A games room that doesn’t generate revenue, extend dwell time, or improve the experience of the people using it is just wasted floor space. The difference between a room that works and one that doesn’t usually comes down to decisions made long before the first piece of equipment arrives – decisions about layout, materials, infrastructure, and the specific type of user the space is meant to serve.
This guide is written for facility managers, hospitality operators, and commercial interior designers who are planning a games room as a functional business asset, not a decorative afterthought.
Start with your user and your dwell-time target
Before you select a single piece of equipment, determine the real function of the space. A family entertainment center needs fast turnover – guests should move on from games quickly, make money per play, and then vacate. A boutique hotel or corporate office works in direct contrast: the games room should slow individuals down, keep them there for longer, and generate ancillary revenues on food and drink.
These two models require vastly different equipment mixes. Quick-turnover scenarios will want arcade cabinets, air hockey, and coin-ops that reset between users totally autonomously. Dwell-time scenarios will crave billiard, table tennis, and shuffleboard – games that take 20 to 45 minutes per play and naturally keep people in the room longer.
Per the Gensler Research Institute, high-quality amenity spaces incorporating a dedicated recreation and games room can raise employee workplace satisfaction and effectiveness scores by 12%, practically guaranteeing talent retention. For corporate operators, that’s a measurable ROI on what would likely otherwise appear to be a discretionary budget item.

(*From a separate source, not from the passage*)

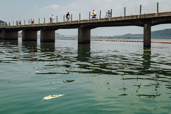 ▲ 조류경보가 발령된 지 엿새째인 4일 오전 서울 마포구 성산대교 남단 합수부 교량 아래 죽은 물고기가 떠 있다. ⓒ 하상윤

Get this user persona wrong and everything downstream – the equipment purchasing, the lighting, the layout – is based on a shaky premise.
Acoustic management in a noisy environment
A commercial games room can be a very noisy place: clacking billiard balls, air hockey blowers, arcade machine sound effects, laughter and conversation all occurring at the same time. If left to its own devices, that sound can become an oppressive roar and your patrons will leave sooner than they would if the soundscape were more pleasant.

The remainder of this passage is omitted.